#### Records for processing

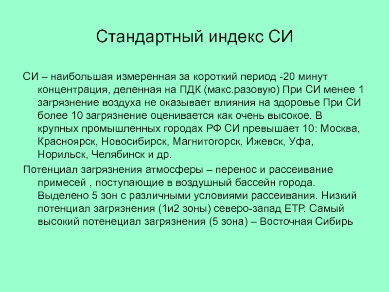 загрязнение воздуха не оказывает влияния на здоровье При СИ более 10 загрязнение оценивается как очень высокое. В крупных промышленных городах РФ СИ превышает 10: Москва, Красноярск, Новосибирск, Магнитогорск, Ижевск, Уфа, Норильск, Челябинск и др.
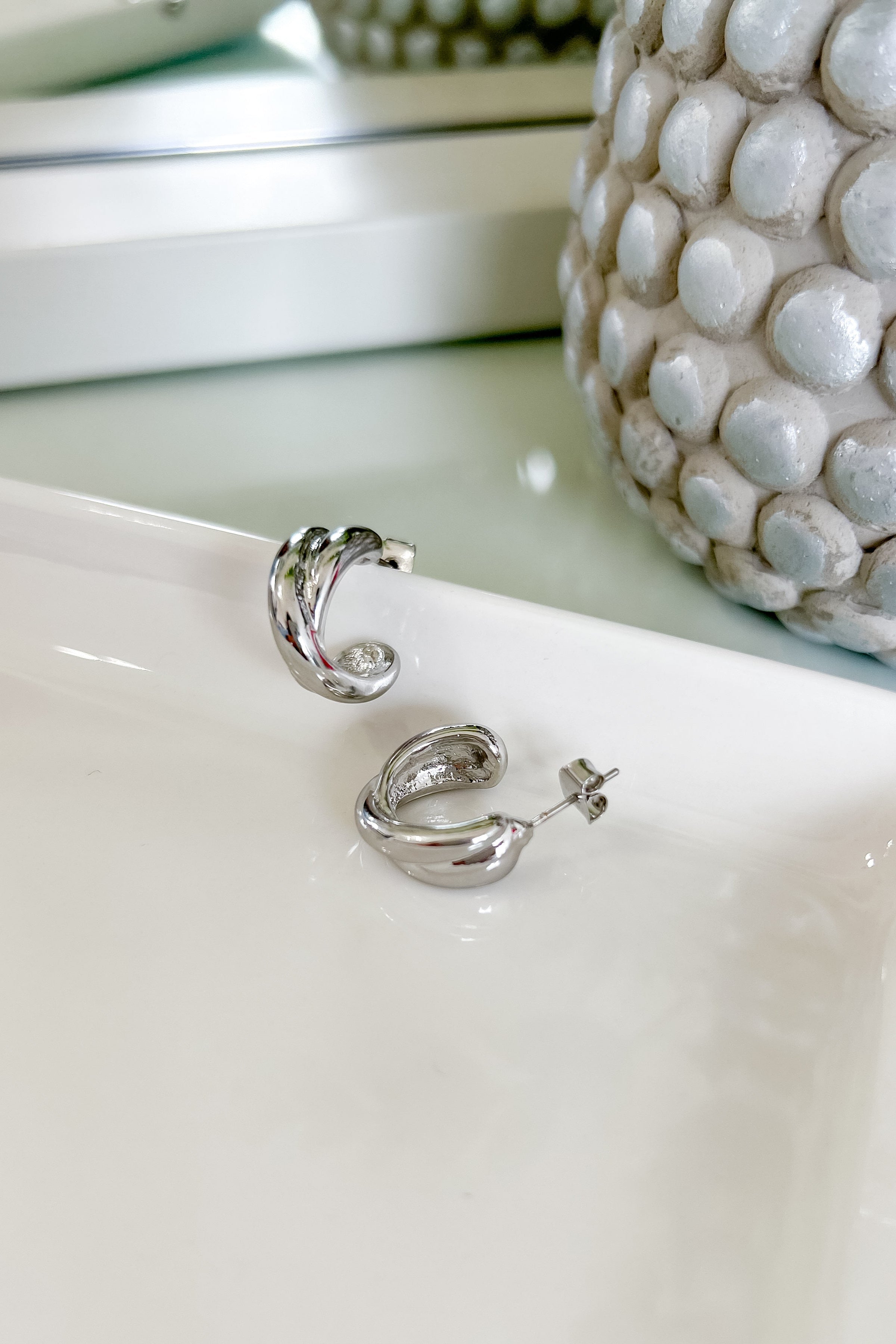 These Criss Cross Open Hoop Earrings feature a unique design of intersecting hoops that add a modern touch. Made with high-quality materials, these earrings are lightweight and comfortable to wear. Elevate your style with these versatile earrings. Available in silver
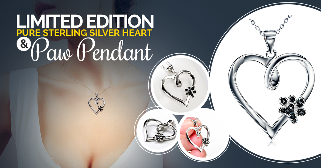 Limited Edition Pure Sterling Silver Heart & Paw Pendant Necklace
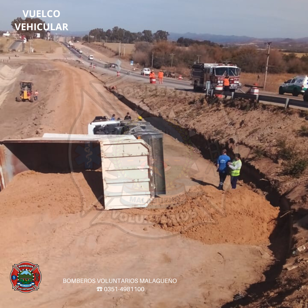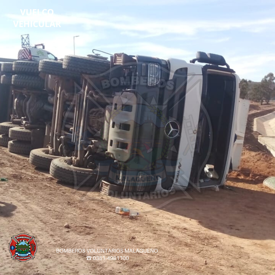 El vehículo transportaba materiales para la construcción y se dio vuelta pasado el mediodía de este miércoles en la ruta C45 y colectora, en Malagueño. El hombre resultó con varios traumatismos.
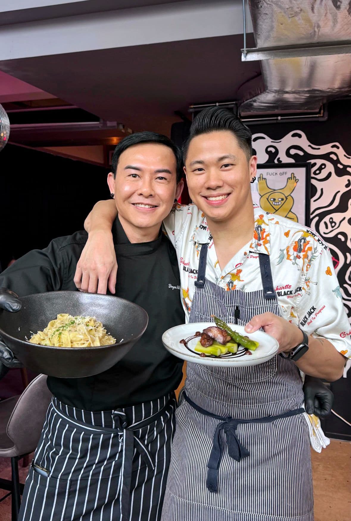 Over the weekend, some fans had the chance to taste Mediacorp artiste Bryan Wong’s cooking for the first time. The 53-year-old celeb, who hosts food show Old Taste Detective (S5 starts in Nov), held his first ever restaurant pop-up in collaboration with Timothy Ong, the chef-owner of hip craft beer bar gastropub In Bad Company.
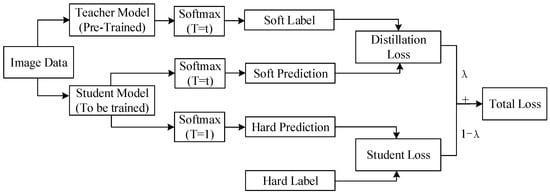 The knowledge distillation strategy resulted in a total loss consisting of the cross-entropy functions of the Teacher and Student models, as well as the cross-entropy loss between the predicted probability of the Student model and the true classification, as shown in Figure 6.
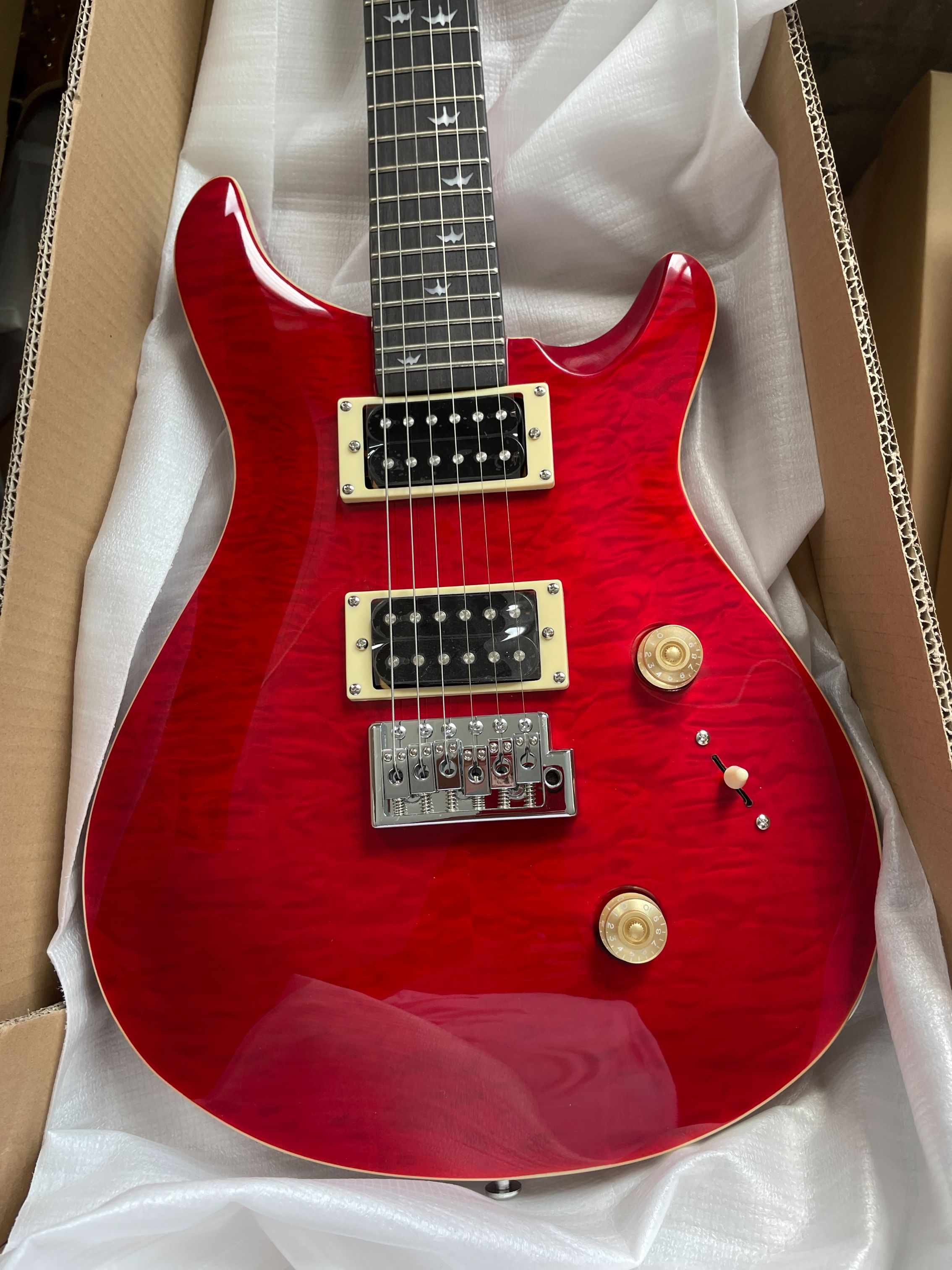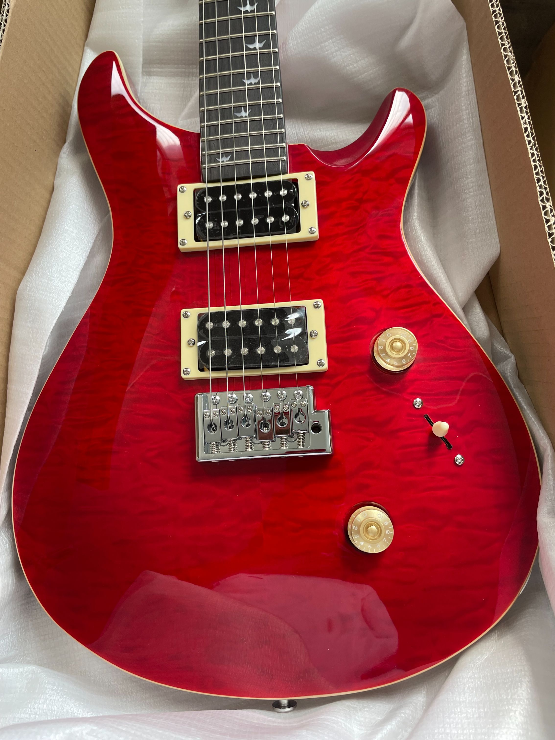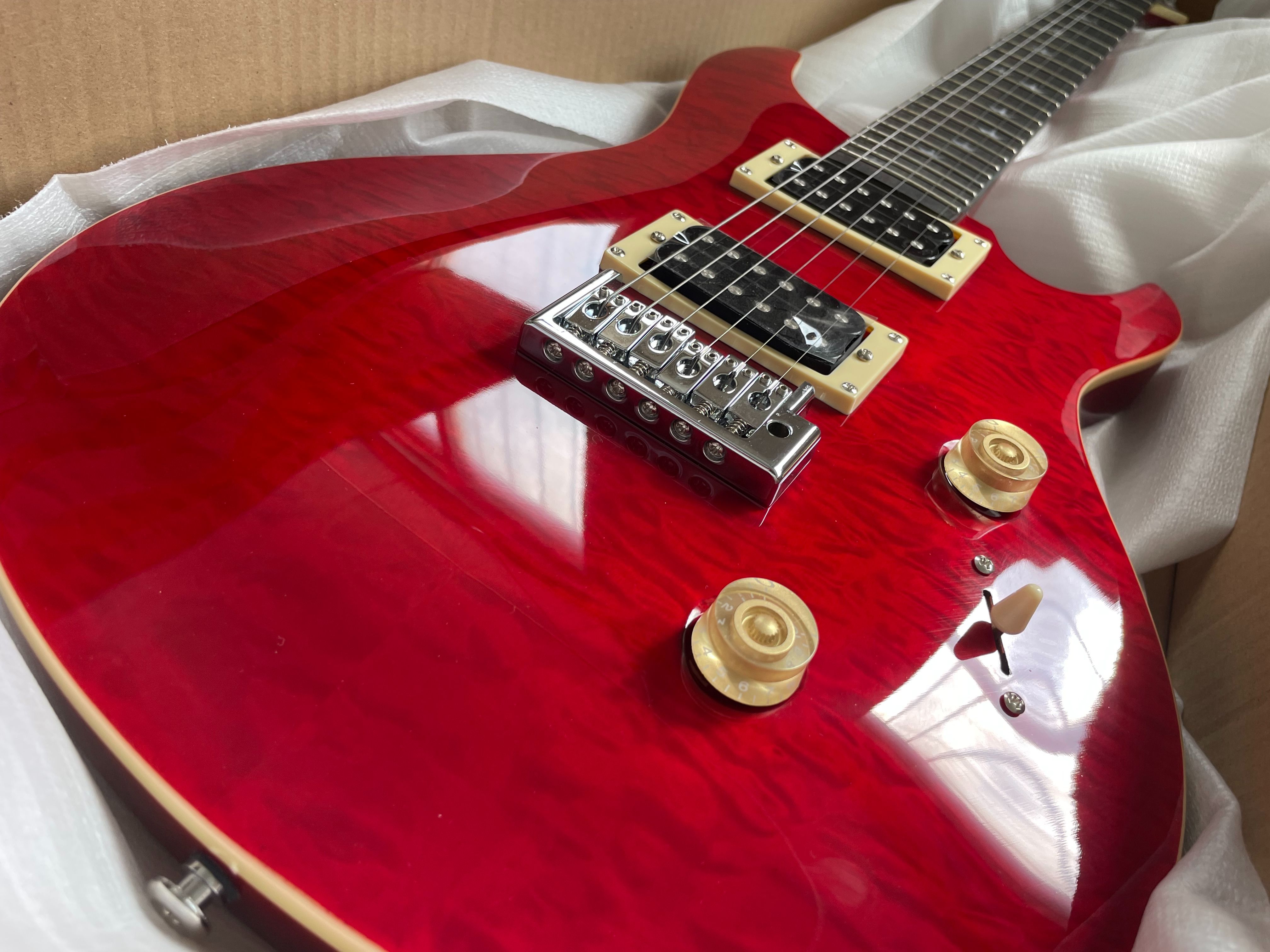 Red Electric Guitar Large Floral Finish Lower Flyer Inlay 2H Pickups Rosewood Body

########
#### Records for processing

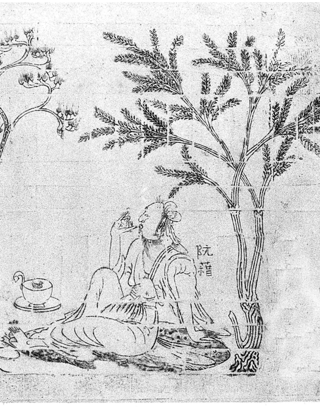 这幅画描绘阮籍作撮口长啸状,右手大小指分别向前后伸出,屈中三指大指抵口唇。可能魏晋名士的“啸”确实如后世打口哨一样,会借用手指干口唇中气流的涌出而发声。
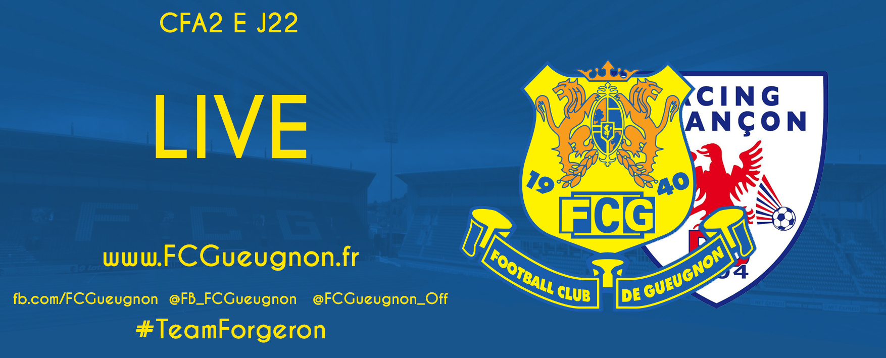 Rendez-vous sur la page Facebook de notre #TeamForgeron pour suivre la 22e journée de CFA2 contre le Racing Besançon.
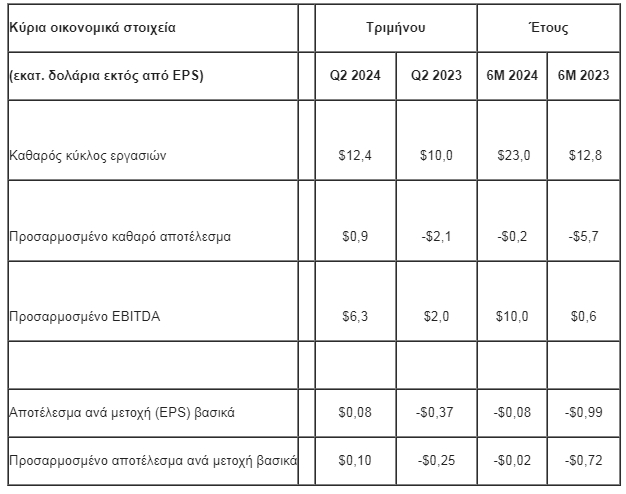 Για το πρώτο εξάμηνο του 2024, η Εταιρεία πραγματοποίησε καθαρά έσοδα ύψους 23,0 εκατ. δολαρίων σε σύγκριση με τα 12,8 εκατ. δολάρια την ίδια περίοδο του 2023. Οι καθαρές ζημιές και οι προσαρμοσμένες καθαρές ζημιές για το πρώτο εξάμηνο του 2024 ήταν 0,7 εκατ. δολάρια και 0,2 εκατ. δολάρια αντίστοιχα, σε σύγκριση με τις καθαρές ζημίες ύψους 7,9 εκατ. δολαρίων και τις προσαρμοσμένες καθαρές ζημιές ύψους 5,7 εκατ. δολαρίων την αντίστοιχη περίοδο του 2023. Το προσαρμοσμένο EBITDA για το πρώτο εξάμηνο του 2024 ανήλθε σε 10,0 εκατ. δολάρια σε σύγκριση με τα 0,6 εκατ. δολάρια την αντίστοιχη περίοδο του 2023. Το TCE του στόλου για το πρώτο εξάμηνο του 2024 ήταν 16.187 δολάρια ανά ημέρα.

########

■ **Exercise aim**: Working from the records above, set down word for word everything from the line containing "загрязнение воздуха не" down to the line containing "Red Electric Guitar", ends included, minus the pictures.

■ **Exercise result**:
 загрязнение воздуха не оказывает влияния на здоровье При СИ более 10 загрязнение оценивается как очень высокое. В крупных промышленных городах РФ СИ превышает 10: Москва, Красноярск, Новосибирск, Магнитогорск, Ижевск, Уфа, Норильск, Челябинск и др.
 These Criss Cross Open Hoop Earrings feature a unique design of intersecting hoops that add a modern touch. Made with high-quality materials, these earrings are lightweight and comfortable to wear. Elevate your style with these versatile earrings. Available in silver
 Limited Edition Pure Sterling Silver Heart & Paw Pendant Necklace
 El vehículo transportaba materiales para la construcción y se dio vuelta pasado el mediodía de este miércoles en la ruta C45 y colectora, en Malagueño. El hombre resultó con varios traumatismos.
 Over the weekend, some fans had the chance to taste Mediacorp artiste Bryan Wong’s cooking for the first time. The 53-year-old celeb, who hosts food show Old Taste Detective (S5 starts in Nov), held his first ever restaurant pop-up in collaboration with Timothy Ong, the chef-owner of hip craft beer bar gastropub In Bad Company.
 The knowledge distillation strategy resulted in a total loss consisting of the cross-entropy functions of the Teacher and Student models, as well as the cross-entropy loss between the predicted probability of the Student model and the true classification, as shown in Figure 6.
 Red Electric Guitar Large Floral Finish Lower Flyer Inlay 2H Pickups Rosewood Body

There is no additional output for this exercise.